Obama finally pardoned Aaron last December, but the fact that Rogers stayed in office until this week is one measure of how reluctant the president has been to take on the larger breakdown in the pardoning system. Perhaps the idea was that if Obama hardly pardoned anyone, he couldn’t be accused of pardoning unfairly. Reagan and Clinton granted 1 in 100 pardon applications. Under George W. Bush, the rate fell to 1 in 1,000. In May 2012, the rate for Obama was 1 in 5,000. That’s partly because the number of applicants has risen with the prison population. But it’s also because Obama has played it so safe. Even with increasing bipartisan consensus that federal drug sentences have become too draconian and costly, the sad fact is that there’s always a political case to be made against letting people out of prison.
But now that Rogers is gone, Cole is talking not just about making more pardons, but also about addressing “older, stringent punishments that are out of line with sentences imposed under today’s laws.” He described surveying all 215,000 federal inmates as a means to identify applicants, and he has written to the 93 U.S. attorneys for recommendations. Even more promising, reform-minded groups like the ACLU, the American Bar Association, and Families Against Mandatory Minimums would play a direct role, recruiting and training lawyers to use the completed surveys to screen for eligible applicants.
Still, the pardon process is inevitably tricky and technical, and the devil is in the details. According to the Washington Post, here are the criteria for a pardon Cole laid out:
Offenders seeking clemency will have to have served at least 10 years of their sentence, have no significant criminal history, and no connection to gangs, cartels or organized crime. Applicants also must be inmates who probably would have received a “substantially lower sentence” if convicted of the same offense today. And to be eligible, they must have demonstrated good conduct in prison.
This sounds like the swing Holder took last summer at harsh sentencing, when he directed federal prosecutors to stop specifying the quantity of drugs for certain offenders so as to avoid triggering a mandatory minimum sentence. Then as now, it’s not clear how a grand pronouncement plays out on the ground. Traditionally, pardons have often turned on whether prisoners significantly cooperated with the prosecution, were seriously ill or elderly, or simply serving an unduly severe sentence. The key limiting factor on Cole’s new list of standards is the requirement that a prisoner would have done much less time if sentenced today. That could be a narrow category: drug offenders sentenced to long terms before the Fair Sentencing Act of 2010, which reduced the disparity between sentences for crack and powder cocaine.
If that’s all the proposed reform adds up to, it’s too minor a tweak to the system. It might not even address some of the most sympathetic cases—people who say they played unknowing or peripheral roles in a larger drug ring. People like Stephanie George, who said she didn’t know about the lockbox full of cocaine her boyfriend had hidden in her attic. The judge in her case 17 years ago said he had no choice but to sentence her to life, even though he saw her as “a girlfriend and bag holder and money holder but not actively involved in the drug dealing.”
In her excellent 2012 article, Love outlines a three-legged stool of comprehensive reform of the pardon power.

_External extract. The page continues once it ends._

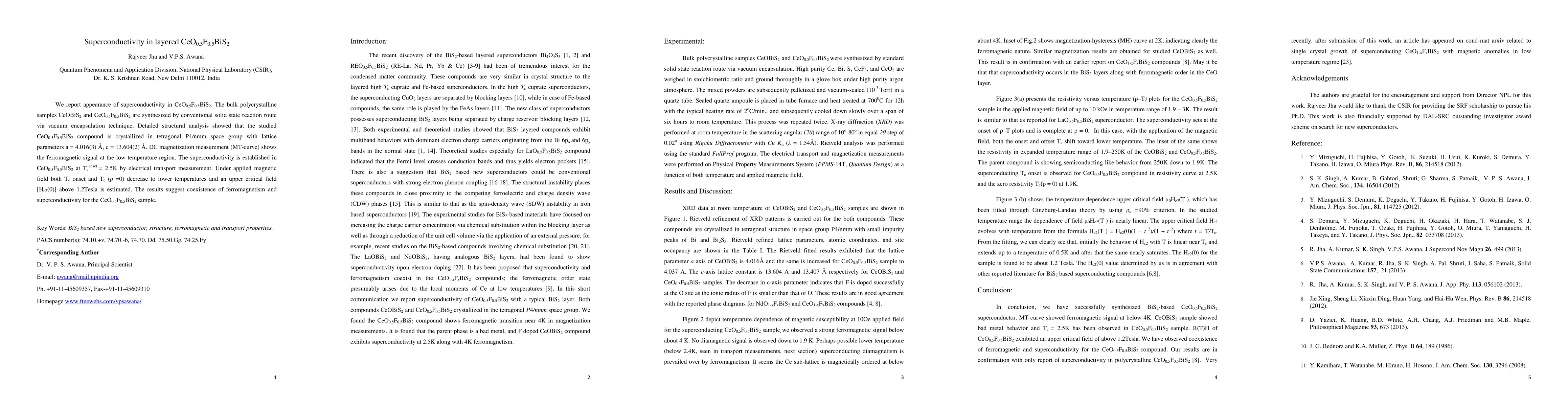 This paper reports the discovery of superconductivity in CeO0.5F0.5BiS2 at a critical temperature of 2.5K, alongside a ferromagnetic signal observed in DC magnetization measurements. The coexistence of ferromagnetism and superconductivity in this compound is suggested.

First, the process needs clear standards, with reasoned explanations of why an application is granted. Second, whoever is in charge has to have independence from the Justice Department, real authority, and the confidence of the president. Third, the pardon process “must be accessible and responsive to people of all walks of life, and take into account the likelihood that many deserving pardon applicants will not have skilled counsel or well-connected supporters to advocate on their behalf.” In other words, the system for clemency has to be fair. For everyone—not just the prisoners sentenced under the single unduly harsh law Congress has so far seen fit to change.